Exercise Answers¶

Page Maps¶

graph LR
  family["Reproducible Research"]
  program["Deep Dive DVC"]
  section["Reproducibility Failures Real Teams"]
  page["Exercise Answers"]
  capstone["Capstone evidence"]

  family --> program --> section --> page
  page -.applies in.-> capstone

flowchart LR
  orient["Orient on the page map"] --> read["Read the main claim and examples"]
  read --> inspect["Inspect the related code, proof, or capstone surface"]
  inspect --> verify["Run or review the verification path"]
  verify --> apply["Apply the idea back to the module and capstone"]

These answers are model explanations, not the only acceptable wording.

What matters is whether the reasoning makes the workflow story more honest.

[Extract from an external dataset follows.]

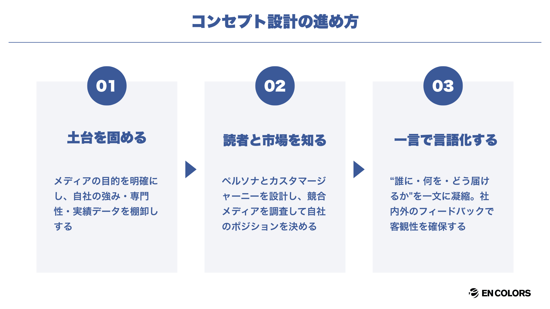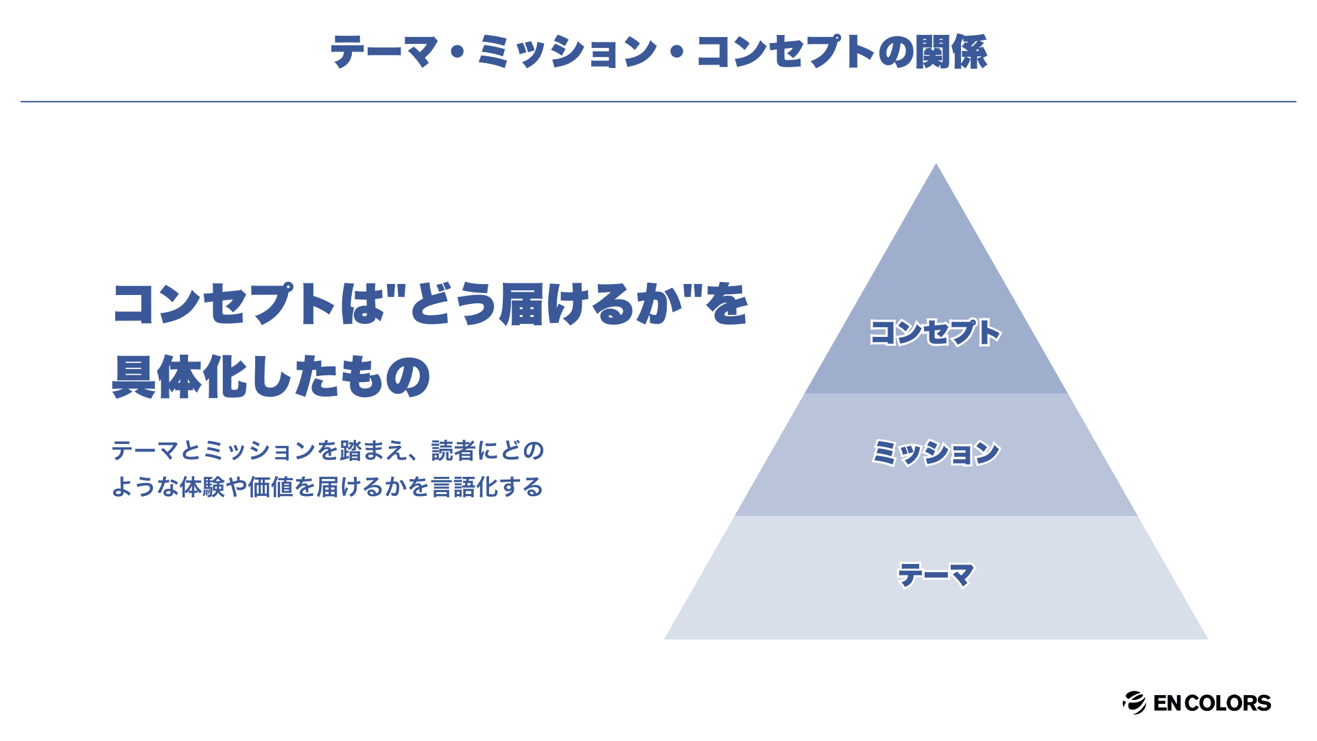 - コンセプトはメディア全体を貫く「価値提供の軸」である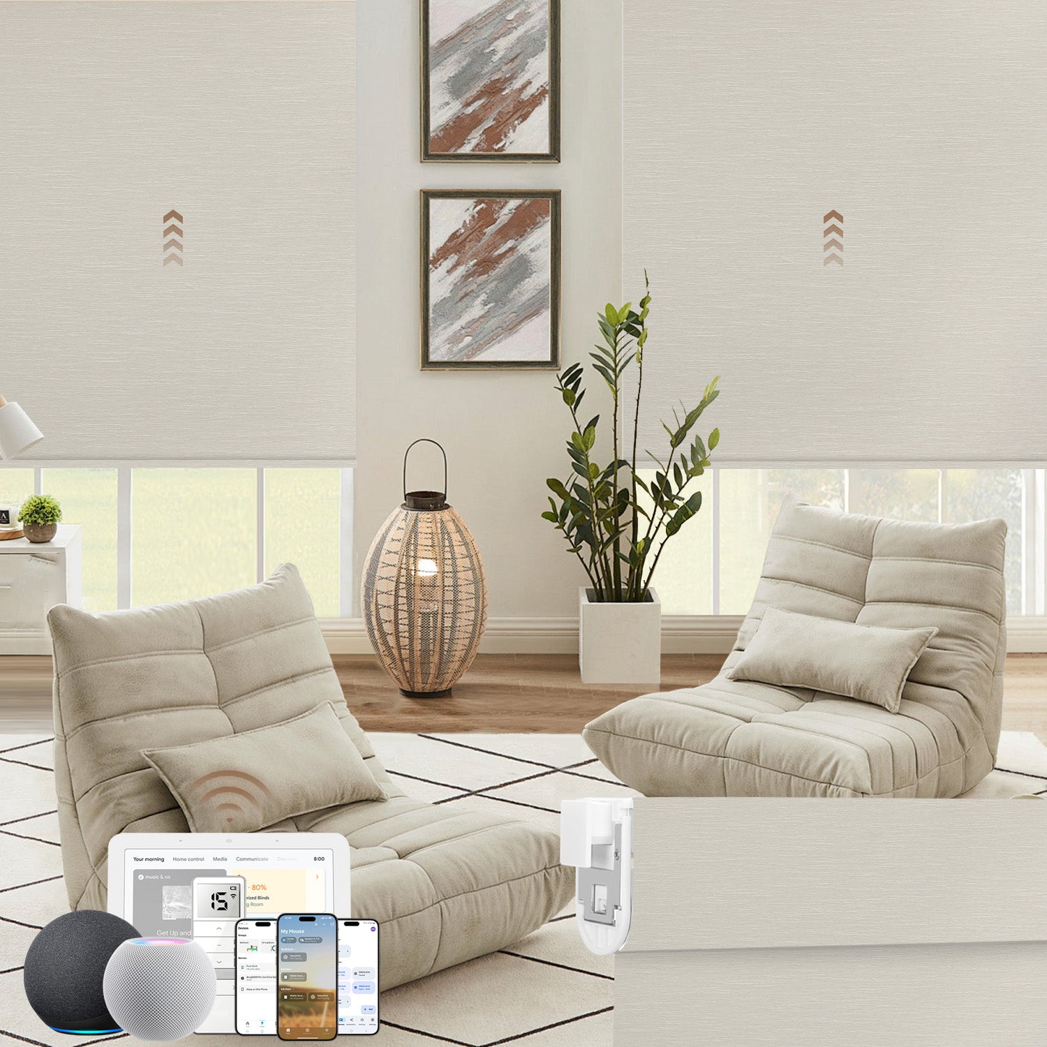 Control your shades effortlessly with Amazon Alexa, Google Assistant, or Apple HomeKit. Use a simple voice command or app to enjoy a smart home—adjust your shades instantly with just one command.

Answer 1: Separate repeatability from reproducibility¶

What the claim does show:

one person achieved a local rerun with a matching result

What it does not show yet:

whether another person could recover the same result later
whether the same data identity, environment, and parameters were actually preserved
whether the repository explains the run without relying on memory

Stronger next question:

what would another teammate need in order to recover this result from the repository and declared artifacts alone

The main lesson is that local rerun success is evidence, but it is not the whole proof.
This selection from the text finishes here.